Total Firecracker BAN vs. Philippine Tradition
|January 5, 2012||Posted by Listocrat under News, Opinions|
Putting a total ban on the use of firecrackers and fireworks is tantamount to annihilating “media noche” as an integral part of New Year’s Eve revelry. Though DOH and its “Goodbye Paputok” campaign failed to stall 854 injuries and 2 fatalities from occurring, it’s still not fair to completely ban the use of traditional fireworks to welcome the new year, as far as cultural and economic reasons are concerned.
At present, only two cities (Davao City and Zamboanga City) in the country have heeded Eco Waste Coalition’s call to implement a total ban on the “production, importation, distribution, sale and use of firecrackers and fireworks to protect public health, safety and the environment.” The waste and pollution watchdog have been vocal on its campaign against firecracker use, emphasizing its detrimental effects not only on the health and safety of Filipinos but also on our environment. Aside from the toxic dusts and particles, firecracker use also contributes in the formation of smog, forcing some airlines to be rerouted just recently to Clark International Airport due to ‘zero visibility’. And since other countries have banned the use of explosives in the past, opting to feast their eyes through majestic fireworks displays/shows instead of risking their safety like their Filipino counterparts, how come a total ban is not yet being implemented? Perhaps this is the question that most of us have been itching to ask. But in the context of our society, a question seems to be more befitting: Is it even possible?
A Filipino Tradition
Use of pyrotechnics by Filipinos is one of the remaining links we have with our Chinese ancestors, with the traditional use of fireworks dating back as early as the Spanish era. For this reason, it is safe to say that explosions and barrage from firecrackers have been part of our culture and preventing it will just result into a annual monotonous celebration. Furthermore, what’s the point of reestablishing a total ban if history already taught us that such attempt always failed significantly?
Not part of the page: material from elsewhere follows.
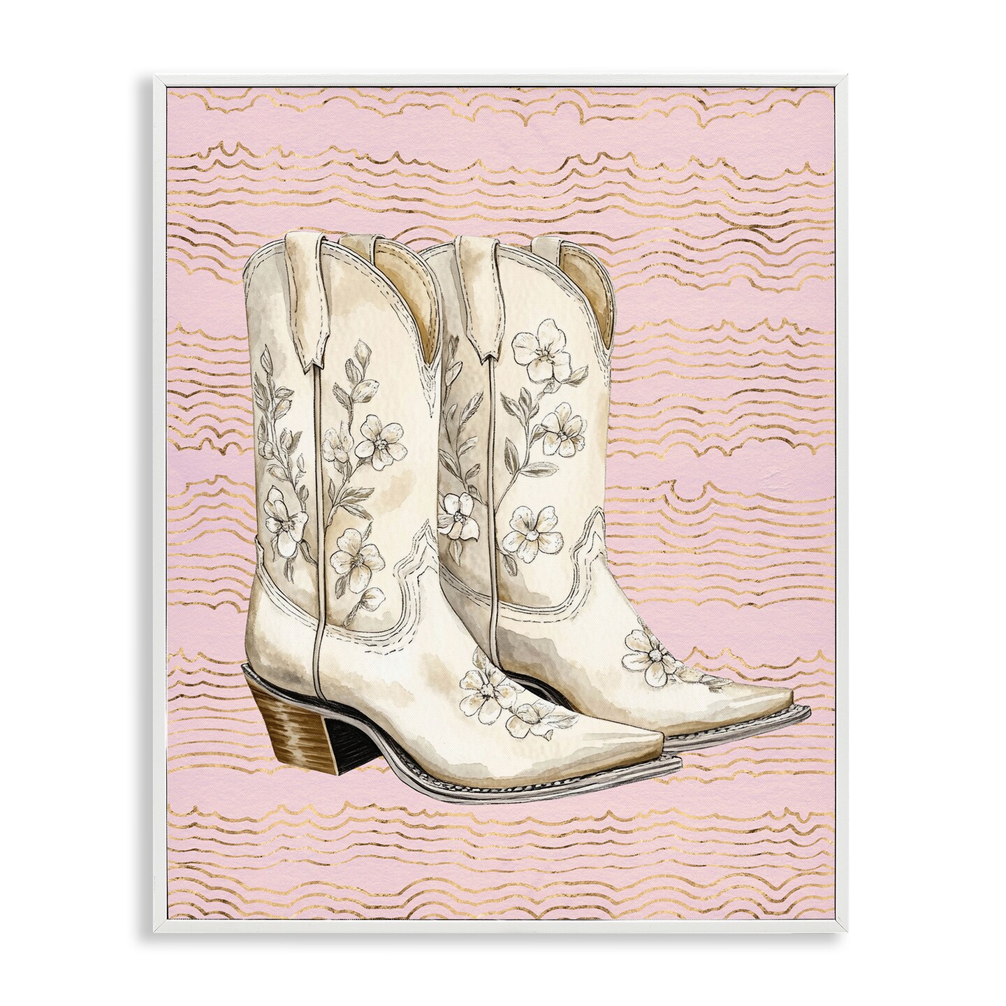 Stupell Industries Cowgirl Boots in White Framed Giclee Wall Art Design by Lettered and Lined

“It is too much. Even (former President Ferdinand) Marcos at the height of martial law failed to enforce a total ban,” Celso Cruz, president emeritus of the Philippine Pyrotechnics Manufacturers and Dealers Association (PPMDA), told The Philippine STAR.
And just like in the case of the “total log ban”, the term “total” will just further attract underground and illegal fireworks manufacturers to thrive in their business. Thus, putting such drastic policy will eventually bring more harm than good not just to our traditions but also to the fireworks industry as a whole.
An End to a Promising Industry
As a native of Bocaue, Bulacan, I know that a total ban will engulf the whole fireworks industry here and tear them into pieces. It’s not a big joke since a lot of people here thrive on this business and have made it as a reliable source of income. Needless to say, approving a total ban is like dethroning Bocaue as one of the country’s “fireworks capital”. In addition to that, the firecracker and pyrotechnics industry in the Philippines is worth P500 million annually and provides jobs to tens of thousands of local workers, so a total ban is not at all logical to begin with unless if the government will provide a fall back or an alternative for all of the employees that will be laid off in case such ban will be implemented.
A long-standing tradition of merry-making through fireworks display and use of firecrackers is no match for a “total ban” suggestion with a serious lack of supporting information to begin with. DOH Sec. Ona himself said that it would be hard to impose a total ban on firecrackers because Filipinos have gotten used to welcoming the new year with festive lights. Designation of specific firecracker zones, more serious penalties for those who buy/sell illegal firecrackers (must include piccolo!), practical amendments to the law governing the use of these fireworks and firecrackers, and a more intensive information dissemination and campaign should be enough to at least minimize or reduce firecracker-related injuries and deaths only if Filipinos know how to follow the rules and educate other people, especially children, about handling firecrackers with appropriate degree of caution.
And as we start a new year, let us also not forget that each person possesses the key for both personal growth and destruction. The choice is yours. Happy new year everyone!